Exercise instructions –
What should be copied is the stretch of entries below from the line with "Cet automne-hiver 2025, laissez-vous" up to and including the line with "典礼开始前,大家共同观看了特", exactly and without images.

The data –
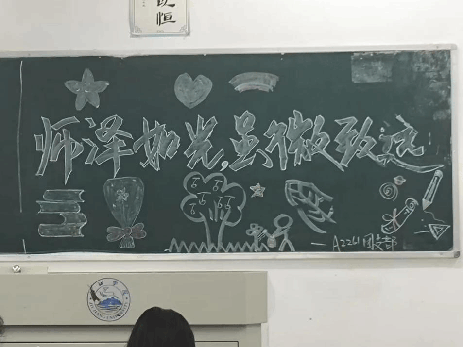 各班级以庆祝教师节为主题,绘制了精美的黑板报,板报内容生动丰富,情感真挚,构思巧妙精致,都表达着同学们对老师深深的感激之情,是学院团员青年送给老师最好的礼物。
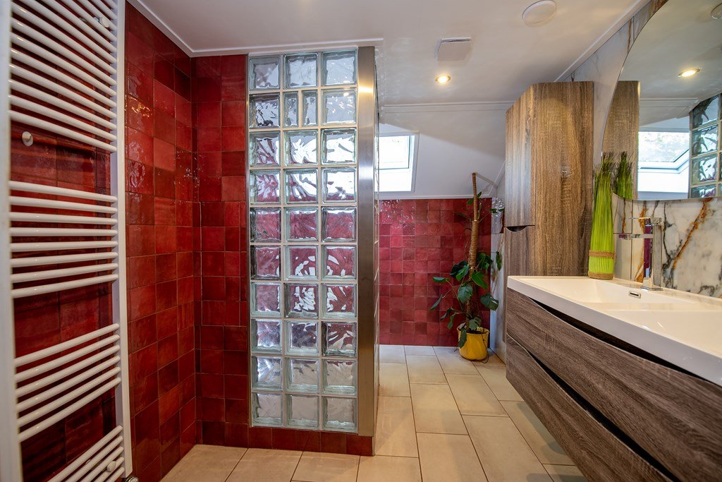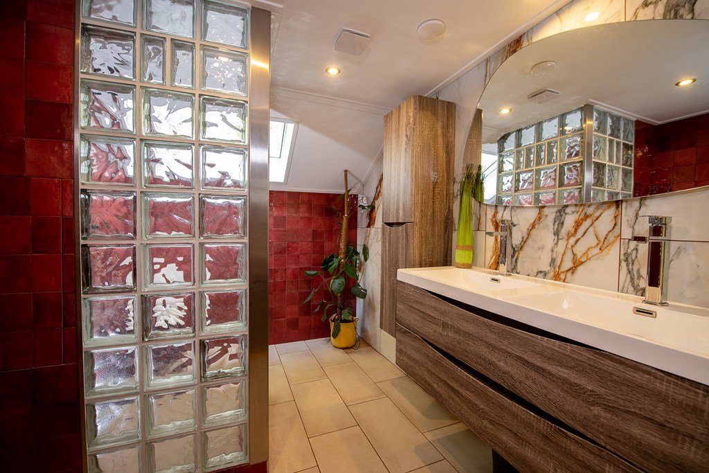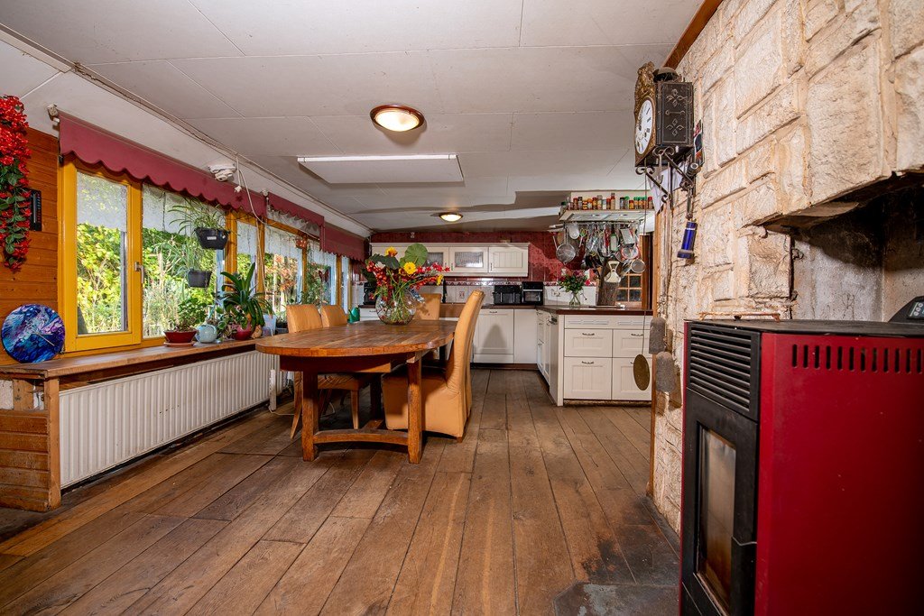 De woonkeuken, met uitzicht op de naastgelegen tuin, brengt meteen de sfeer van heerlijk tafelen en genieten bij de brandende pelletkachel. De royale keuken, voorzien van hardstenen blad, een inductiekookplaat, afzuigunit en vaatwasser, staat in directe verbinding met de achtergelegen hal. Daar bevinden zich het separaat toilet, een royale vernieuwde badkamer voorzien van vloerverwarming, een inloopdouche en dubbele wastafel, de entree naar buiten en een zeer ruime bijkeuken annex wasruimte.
---
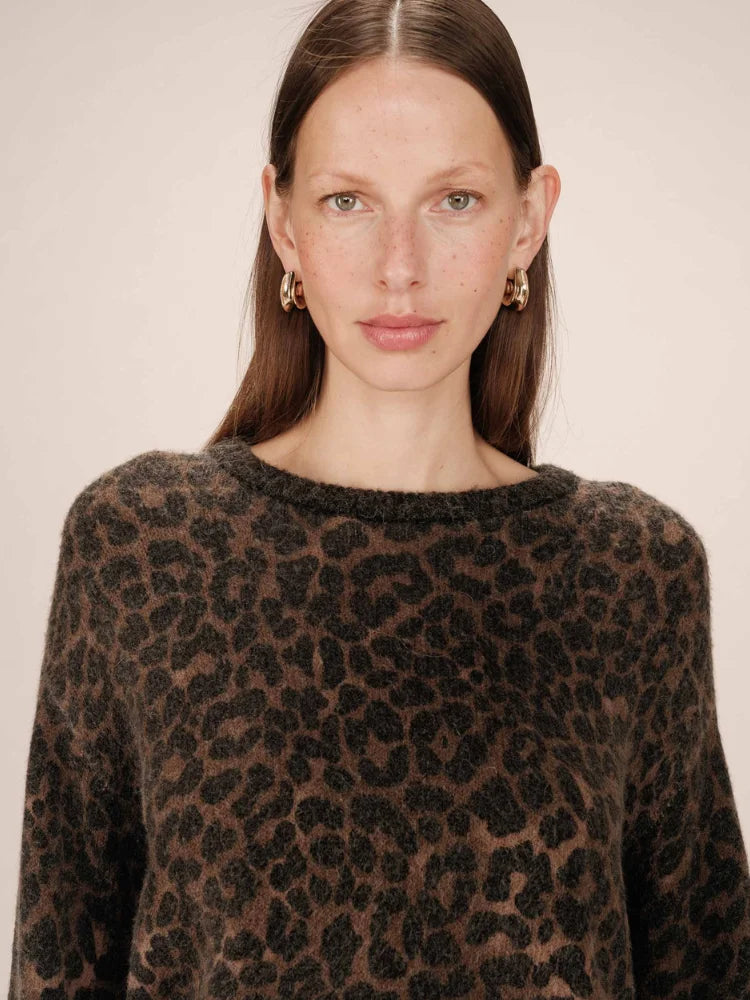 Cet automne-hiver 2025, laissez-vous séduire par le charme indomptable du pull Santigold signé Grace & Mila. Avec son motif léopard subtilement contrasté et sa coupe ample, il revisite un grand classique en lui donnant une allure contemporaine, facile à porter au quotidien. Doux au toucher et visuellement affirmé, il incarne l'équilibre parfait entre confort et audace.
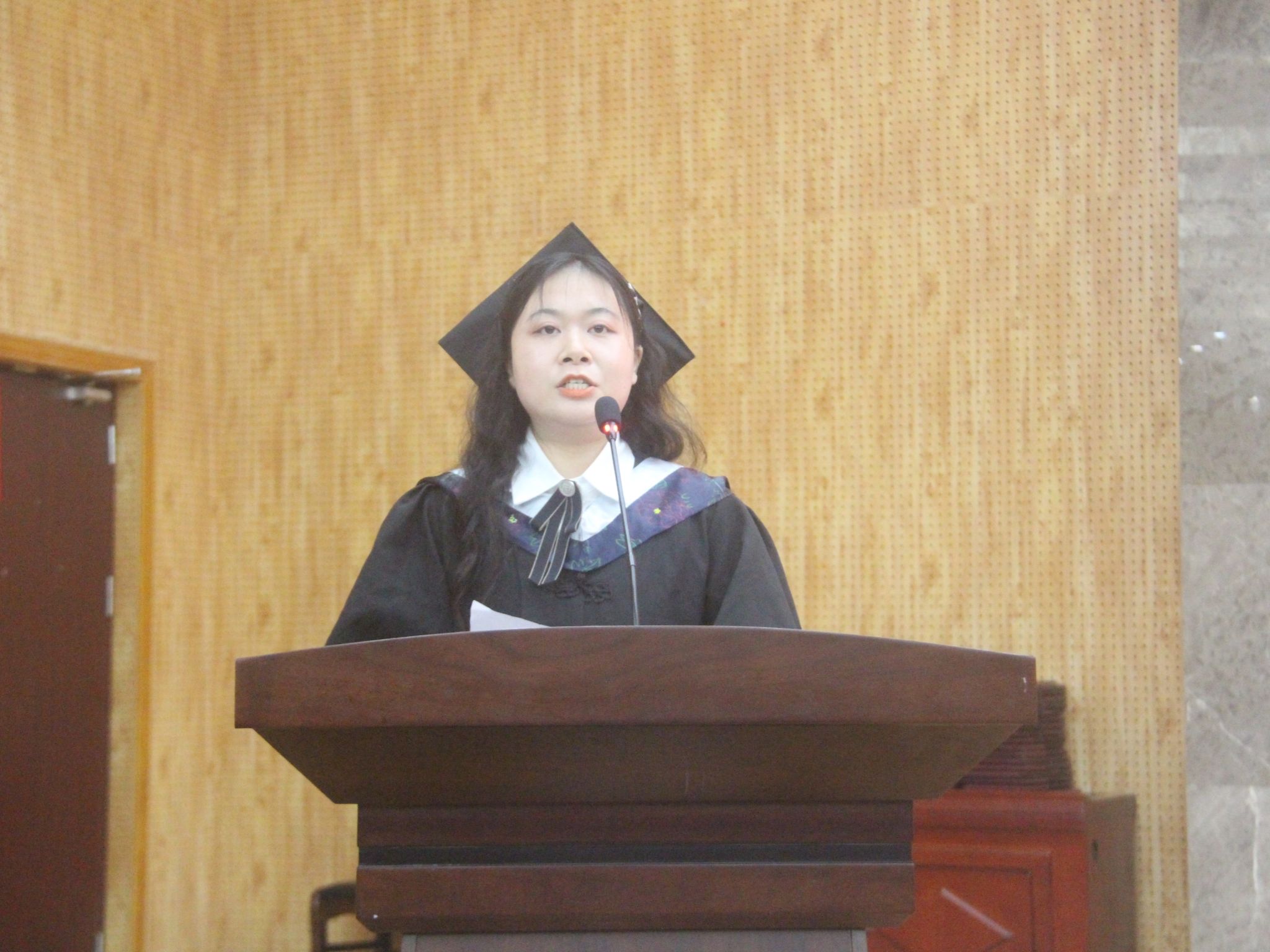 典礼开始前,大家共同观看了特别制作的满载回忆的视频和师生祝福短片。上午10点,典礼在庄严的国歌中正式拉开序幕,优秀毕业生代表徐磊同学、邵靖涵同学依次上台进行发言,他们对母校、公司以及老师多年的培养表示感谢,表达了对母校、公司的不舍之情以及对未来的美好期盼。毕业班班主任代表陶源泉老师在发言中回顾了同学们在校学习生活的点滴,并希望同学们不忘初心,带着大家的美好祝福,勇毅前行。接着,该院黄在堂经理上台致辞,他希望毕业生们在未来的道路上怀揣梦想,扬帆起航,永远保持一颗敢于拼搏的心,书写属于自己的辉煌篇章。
...
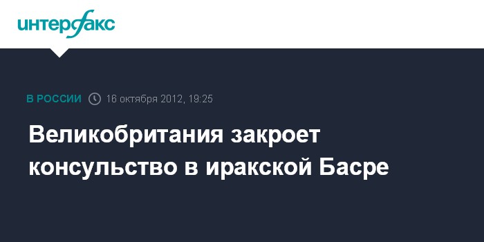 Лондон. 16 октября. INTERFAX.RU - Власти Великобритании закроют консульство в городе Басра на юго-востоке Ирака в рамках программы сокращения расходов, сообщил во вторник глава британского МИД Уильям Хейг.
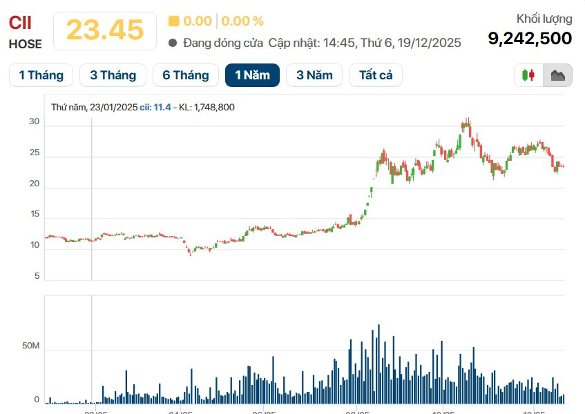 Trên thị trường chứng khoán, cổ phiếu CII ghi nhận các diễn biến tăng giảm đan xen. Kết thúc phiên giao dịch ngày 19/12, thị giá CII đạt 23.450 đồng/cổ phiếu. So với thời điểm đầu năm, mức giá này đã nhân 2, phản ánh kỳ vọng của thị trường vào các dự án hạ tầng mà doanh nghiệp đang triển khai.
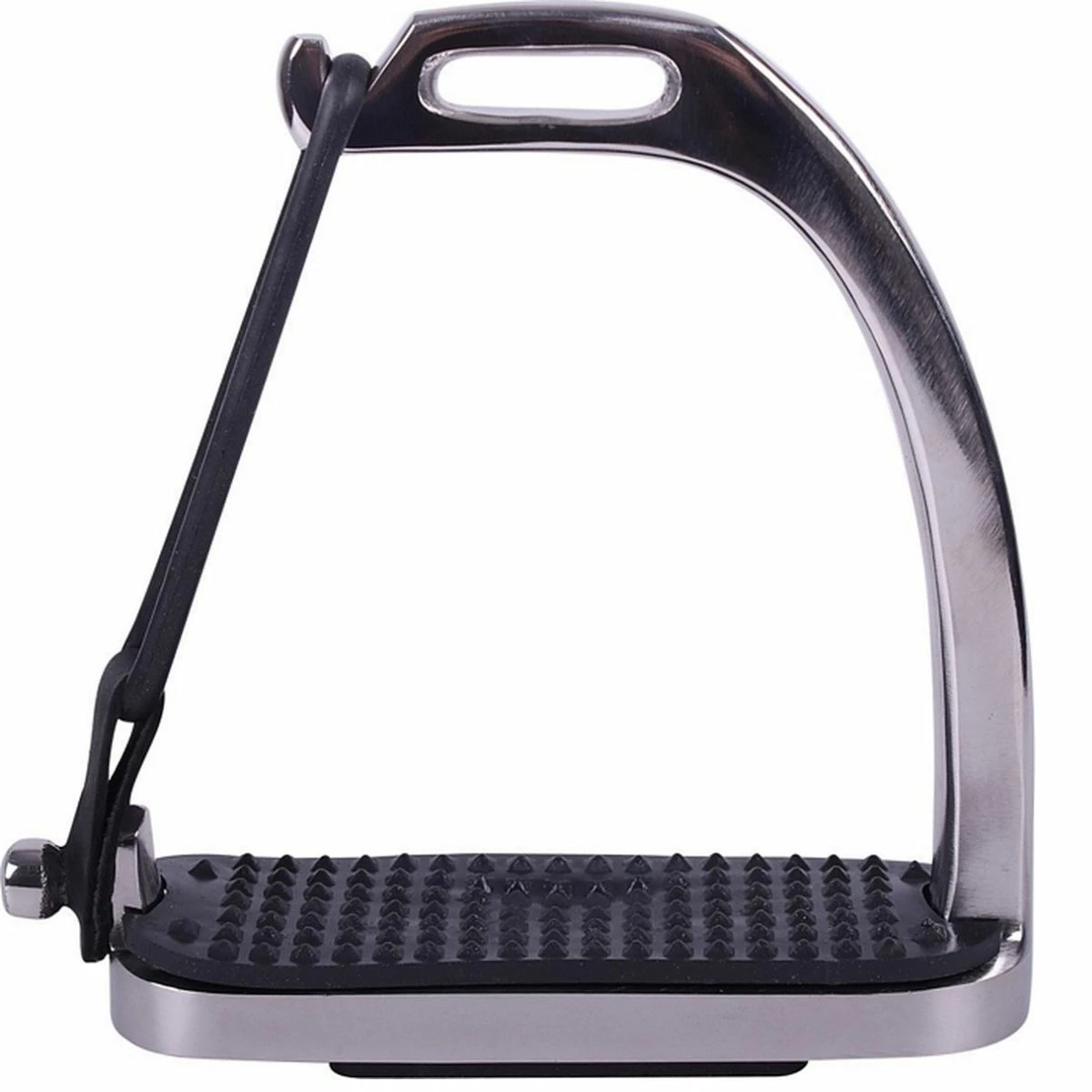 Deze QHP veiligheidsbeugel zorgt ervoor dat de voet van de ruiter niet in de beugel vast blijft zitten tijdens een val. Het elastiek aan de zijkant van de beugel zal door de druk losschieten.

Output of the task –
 Cet automne-hiver 2025, laissez-vous séduire par le charme indomptable du pull Santigold signé Grace & Mila. Avec son motif léopard subtilement contrasté et sa coupe ample, il revisite un grand classique en lui donnant une allure contemporaine, facile à porter au quotidien. Doux au toucher et visuellement affirmé, il incarne l'équilibre parfait entre confort et audace.
 典礼开始前,大家共同观看了特别制作的满载回忆的视频和师生祝福短片。上午10点,典礼在庄严的国歌中正式拉开序幕,优秀毕业生代表徐磊同学、邵靖涵同学依次上台进行发言,他们对母校、公司以及老师多年的培养表示感谢,表达了对母校、公司的不舍之情以及对未来的美好期盼。毕业班班主任代表陶源泉老师在发言中回顾了同学们在校学习生活的点滴,并希望同学们不忘初心,带着大家的美好祝福,勇毅前行。接着,该院黄在堂经理上台致辞,他希望毕业生们在未来的道路上怀揣梦想,扬帆起航,永远保持一颗敢于拼搏的心,书写属于自己的辉煌篇章。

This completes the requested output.